Par TADEU VALADARES*
Considérations sur le scénario électoral brésilien et le déroulement de la géopolitique mondiale
Spéculum. Il est de plus en plus clair que nous passons ou non au second tour dépendra du score final du vote évangélique et aussi du vote utile des ciristas moins passionnés, une fois le premier tour électoral conclu. Si Lula ne remporte pas une victoire décisive le 2 octobre, la quasi-totalité des espoirs postmodernes, après avoir scruté à fond les entrailles des sondages électoraux, continuent jusqu'à présent de laisser entendre que la victoire sera la nôtre.
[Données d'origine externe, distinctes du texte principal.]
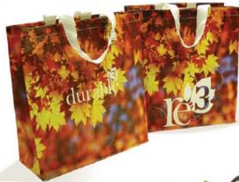
Woven PP Laminate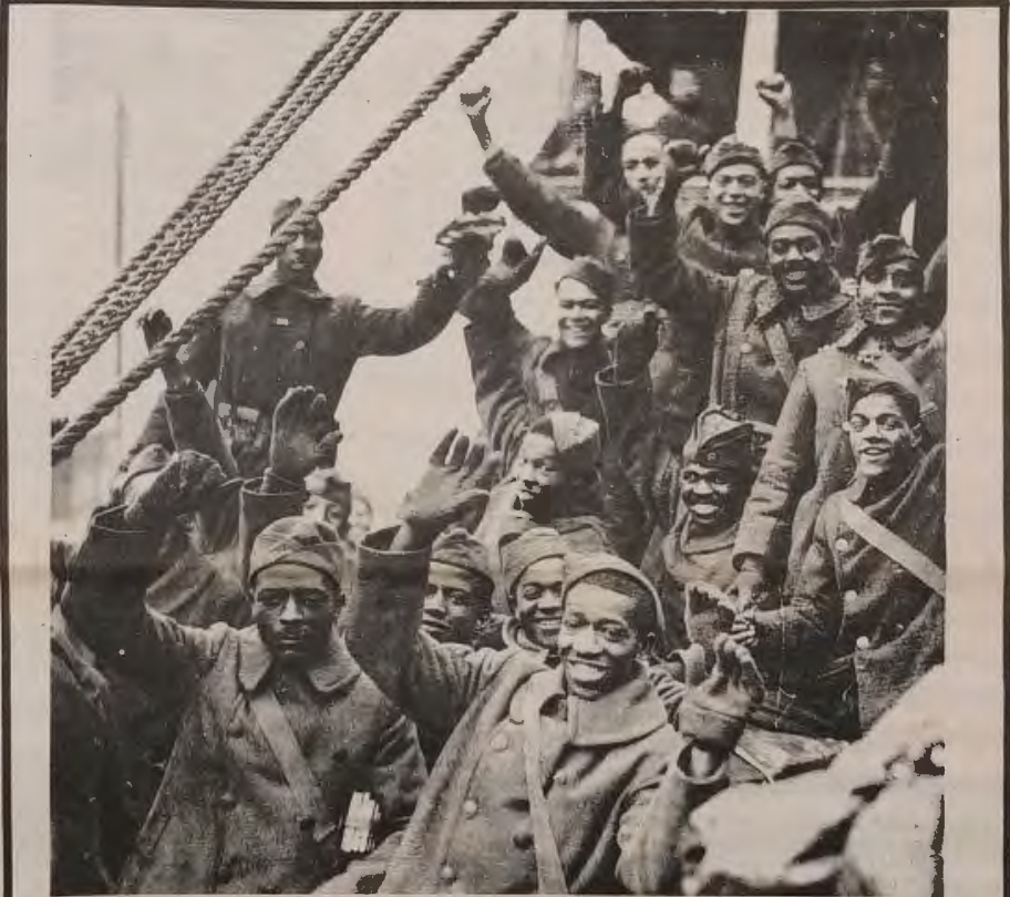
The emergence of the black sector of the working class after WWI as an increasingly independent force was signalled by their

Mais, s'il y a besoin d'un second tour – ce qui nous arrivera, j'en suis presque certain… – un autre point décisif sera la marge de victoire lorsque nous atteindrons l'autre rive du fleuve électoral, le 30 octobre. S'il est petit, s'il s'avère être ainsi, le vote néo-pentecôtiste sera probablement le facteur qui aura le plus de poids pour raccourcir notre victoire. Son dénouement immédiat arrivera avec une précision mécanique newtonienne : la transition novembre-décembre comme point culminant de la tempête qui nous accompagne depuis 2018, gonflée en permanence par l'occupant du Planalto.
Même ainsi, il est difficile pour l'extrême droite dont le moteur est le bolsonarisme d'opter pour le coup d'État sous l'une de ses nombreuses formes. Mais si le coup d'État a peu de chances de se produire, le climat qui nous attend en novembre et décembre sera parsemé de menaces de toutes sortes, et par une augmentation significative de la violence tant sur le plan rhétorique que réel, dégénérescences en elles-mêmes signaux de ce qui pourrait arriver plus tard avec la fragile démocratie que nous essayons de protéger pour qu'elle nous protège.
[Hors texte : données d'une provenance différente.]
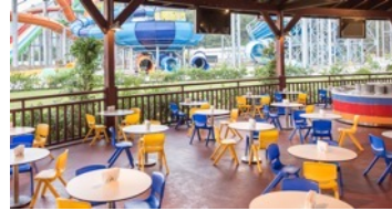
RIXY KIDS CLUB RESTAURANT

Pire encore : si la marge de notre victoire au second tour est faible, Lula entamera son troisième mandat présidentiel dans une position fragile, tandis que le bolsonarisme deviendra immédiatement la principale force d'opposition tant au Congrès qu'au sein de la société civile. Il est facile d'imaginer tous les risques découlant d'une victoire presque au-dessus de la ligne de tirage. Souvenons-nous d'Aécio Neves et de Dilma Rousseff. Souvenons-nous de Pirro. Dans ce scénario inquiétant qui marquera peut-être le début du nouveau cycle, le fantôme d'un futur coup d'État commencera à nous accompagner, la fantasmagorie menaçant toujours de se transformer en horreur totale, quelque chose de bien pire que ce qui s'est passé en 1964, 1968 et 2016, non pour mentionner 2018. Heureusement, nous aurons Lula sur le Planalto. Moins bien, beaucoup moins, mais toujours finalement acceptable, au nom de la situation potentiellement catastrophique qui a convaincu ceux qui devraient l'être : on aura là aussi Geraldo Alckmin, le reborn.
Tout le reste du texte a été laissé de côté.